**What is needed:**
Write out, word for word, each line from the start of the entries through the one holding "ಪ್ರಧಾನಿ ಮೋದಿಗೆ ಸೈಪ್ರಸ್"; omit the pictures.

**Exercise material:**
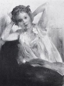 Female semi-nude in chair. (The actress Gertrud Eysoldt)
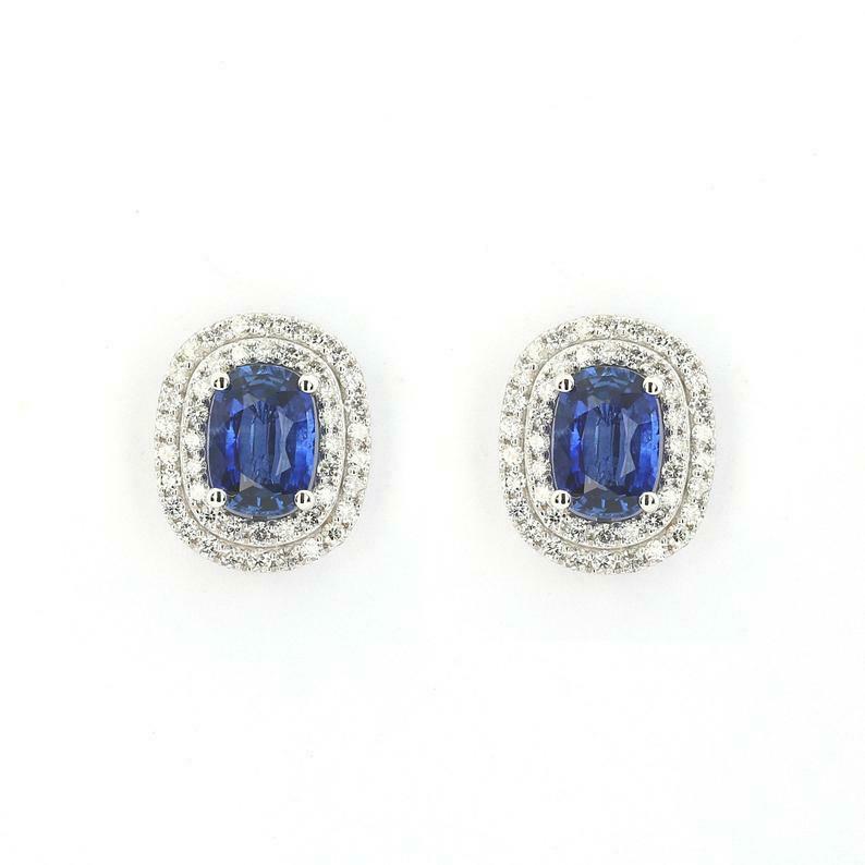 2ct Cushion Cut Blue Sapphire Diamond Dual Halo Stud Earrings 14k White Gold Finish
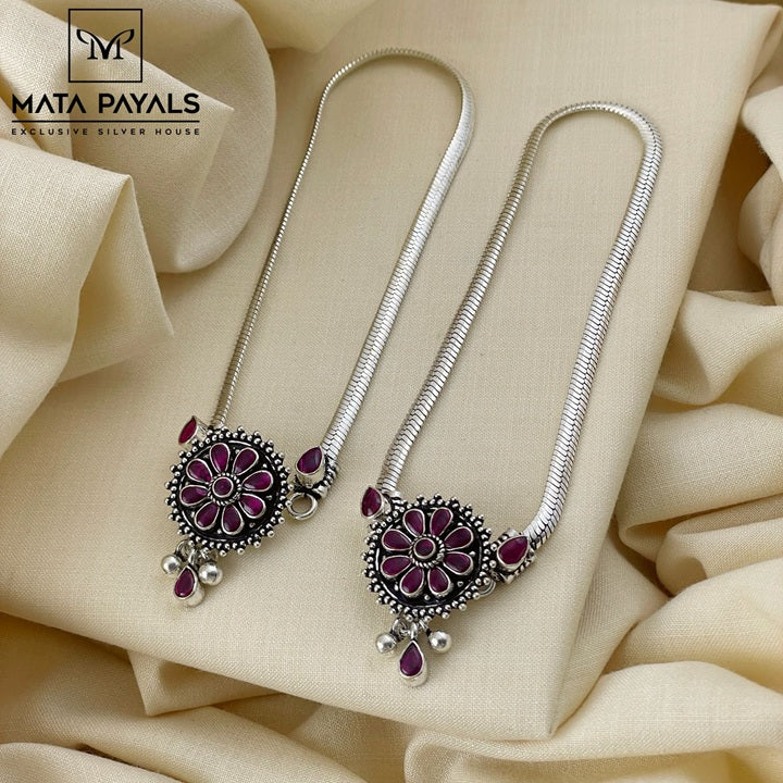 Elegant Dark Pink Floral Anklet
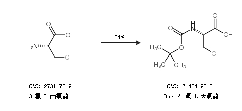 1.通過3-氯-L-丙氨酸合成Boc-β-氯-L-丙氨酸,收率約84%;
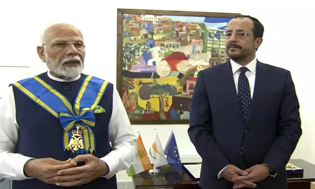 ಪ್ರಧಾನಿ ಮೋದಿಗೆ ಸೈಪ್ರಸ್ ನ ಅತ್ಯುನ್ನತ ನಾಗರಿಕ ಗೌರವ ಪ್ರದಾನ; ಭಾರತದ ಜನತೆಗೆ ಅರ್ಪಣೆ
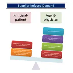 In health economics, supplier induced demand (SID) can be defined as the amount of demand that exists beyond what would have occurred in a market in which patients are fully informed.[5] In healthcare, a physician acts as an agent on behalf of the patient (the principal) guiding them to make the best possible treatment decisions. This agency relationship is influenced by information asymmetry between a physician and a patient, where it is assumed that the physician has more knowledge about diagnostic and treatment options than the patient. Asymmetry of information can also be influenced by the physician's own clinical experiences, expertise, and professional judgment as sometimes a patient will request their physician's personal opinion to aid them in making a healthcare decision.[6] A physician who is a "perfect agent" is one who would make recommendations for a patient that the patient would make for themselves if they had the same information.[7] SID can occur because of a breakdown in this agency relationship and happens when a physician recommends or encourages a patient to consume more care than is required for their medical problem, for example, ordering tests that the physician knows are not needed to make a diagnosis or ordering treatments that the physician knows will have minimal benefit.
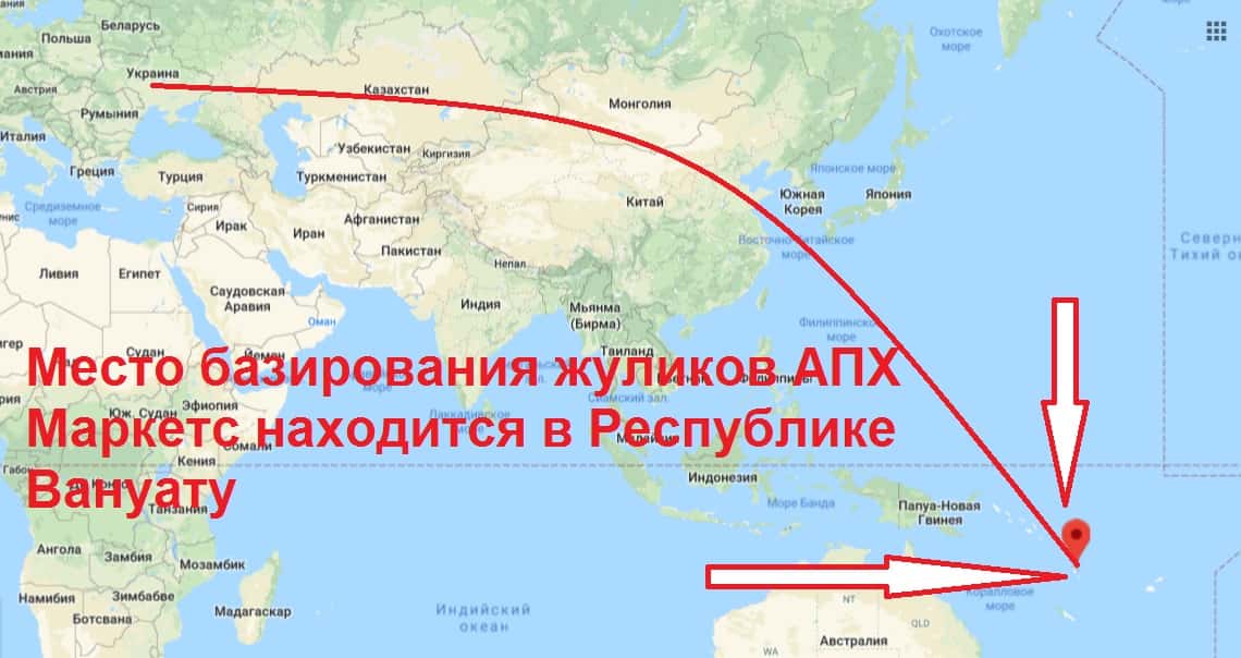 Контактной информации о себе мошенники АПХ Маркетс практически не оставили. Они указывают только лишь якобы адрес регистрации компании, не оставляя ни адреса электронной почты ни номера телефона. Контора АПХ Маркетс зарегистрирована в Республике Вануату.
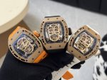 Richard Mille's latest upgraded all-in-one watch, the RM052, features a classic, legendary, and timeless skeleton skull watch. The distinctive skull silhouette and uninhibited design create a striking allure. Paired with a vibrant, lightweight rubber strap, it's even more stylish and avant-garde. In the vibrant summer heat, donning a short-sleeved T-shirt and sporting this vibrant watch is truly eye-catching! Size: 43x50mm, for a truly stunning display!
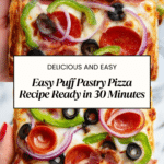 Keywords: puff pastry pizza, quick pizza recipe, easy appetizer, mini pizza, baked pizza
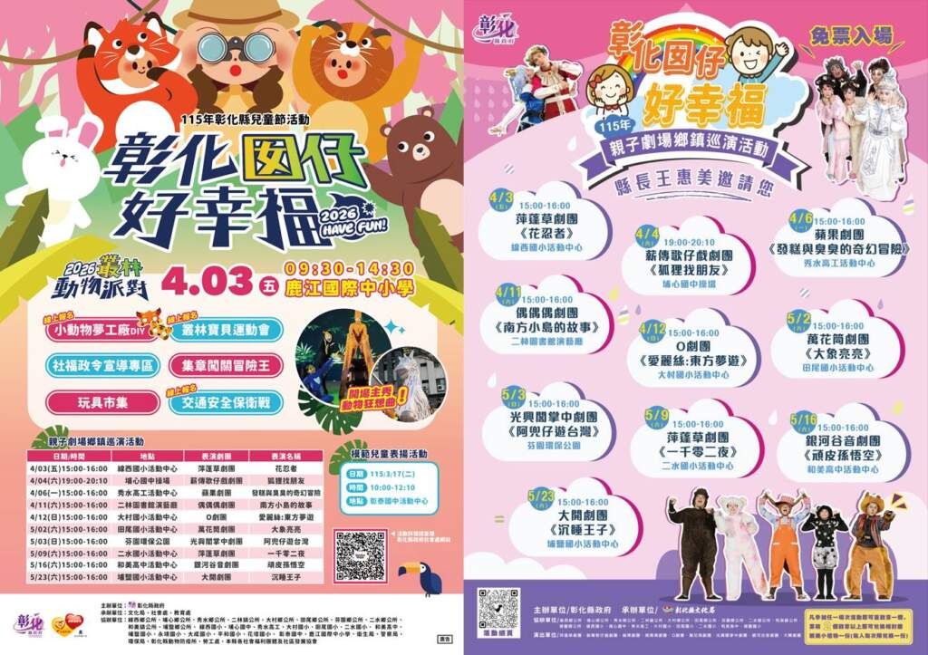 彰化縣文化局長張雀芬表示,4月3日至5月23日的週末假期將規劃10場次親子劇場巡演,安排9個國內優質劇團至本縣8大生活圈演出。邀請彰化縣傑出演藝團隊「萍蓬草劇團」於4月3日(五)下午3時在線西國小活動中心演出《花忍者》,以及5月9日(六)下午3時在二水國小活動中心演出《一千零二夜》;4月4日(六)晚上7時在埔心國中操場由2025年Taiwan Top演藝團隊「薪傳歌仔戲劇團」演出兒童歌仔戲《狐狸找朋友》。

**Written solution:**
 Female semi-nude in chair. (The actress Gertrud Eysoldt)
 2ct Cushion Cut Blue Sapphire Diamond Dual Halo Stud Earrings 14k White Gold Finish
 Elegant Dark Pink Floral Anklet
 1.通過3-氯-L-丙氨酸合成Boc-β-氯-L-丙氨酸,收率約84%;
 ಪ್ರಧಾನಿ ಮೋದಿಗೆ ಸೈಪ್ರಸ್ ನ ಅತ್ಯುನ್ನತ ನಾಗರಿಕ ಗೌರವ ಪ್ರದಾನ; ಭಾರತದ ಜನತೆಗೆ ಅರ್ಪಣೆ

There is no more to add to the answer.